■ Exercise objective
Beginning at the line that holds "Woman wearing a" and continuing to the last line of the data below, transcribe every line word for word, without pictures.

■ Records for processing
* * * * * * * * *
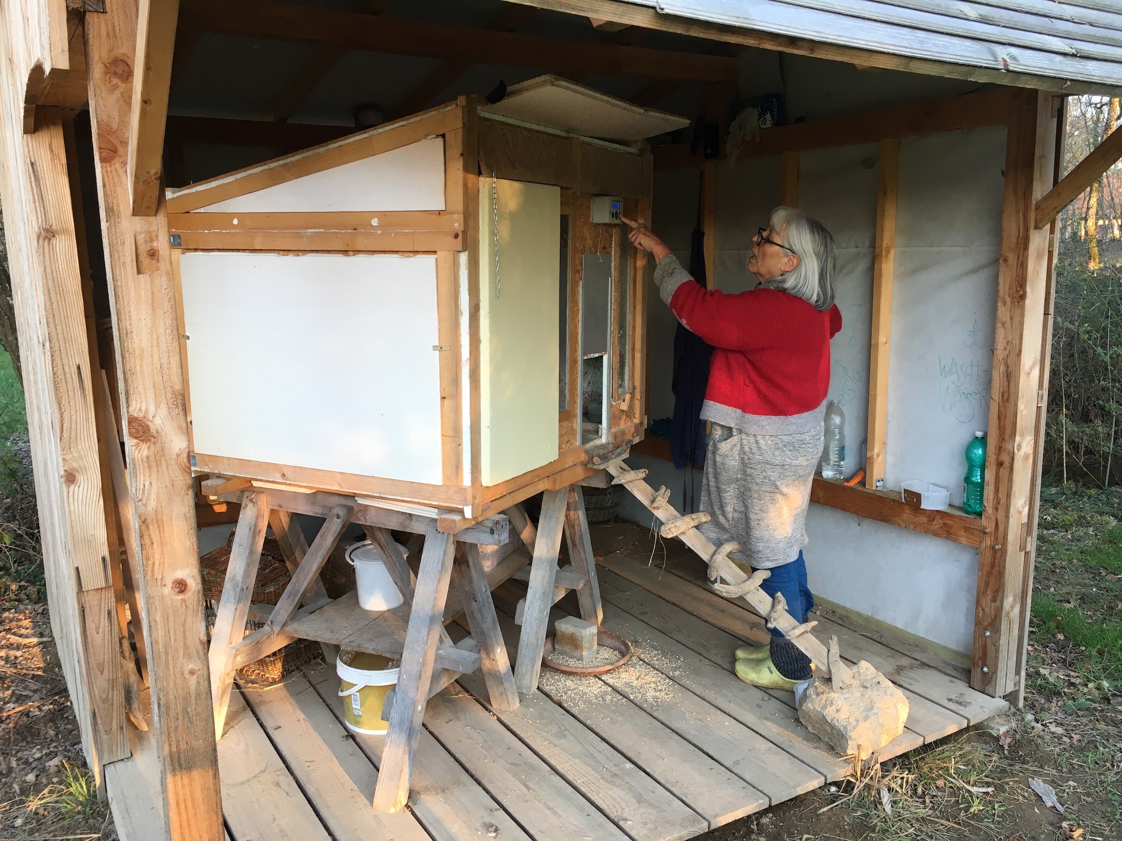 Published 8. Januar 2021 at 2240 × 1680 Eva stellt die Uhrzeit beim Hühnertörli neu ein, die Winterisolation deckt den Grossteil des Häuschens
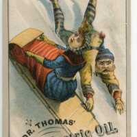 Advertising card for Dr. Thomas' Eclectric Oil [sic], color lithograph. The oil was a cure-all. On back, stamped: 'Presented by C. K. Brewster. Worthington, Mass.' Presumably this was sold at the Brewster Store in Worthington Center. The item was purchased from a dealer on eBay and donated.
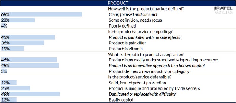 We always like to see product demos but occasionally see pre-product startups. Of those who have a product, the majority have a clear and focused view. On the other hand not many claim that they need patents to make their startup defensible and rely on the trade secrets and sheer volume of work that has gone into building a product to fend off competition. Only a minority plan to defend their IP through patents.
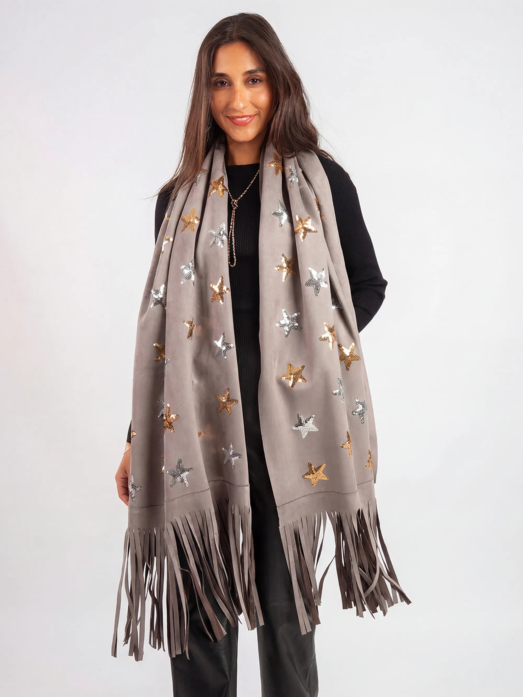 Woman wearing a gray scarf with star patterns and fringes on a white background
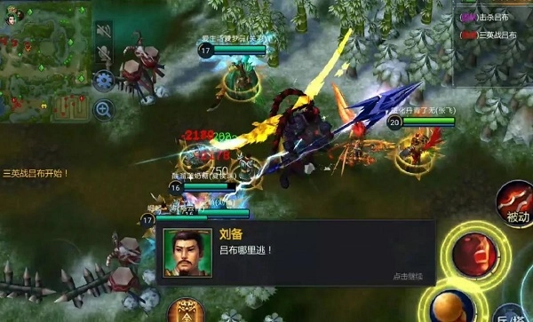 (隐藏)三英战吕布:当吕布的血量被削减到40%,且刘备、关羽、张飞三人都处于靠近他的状态时,该事件将被触发;事件结束后,三英会获得全属性加成。
* * * * * * * * *
■ Answer section
 Woman wearing a gray scarf with star patterns and fringes on a white background
 (隐藏)三英战吕布:当吕布的血量被削减到40%,且刘备、关羽、张飞三人都处于靠近他的状态时,该事件将被触发;事件结束后,三英会获得全属性加成。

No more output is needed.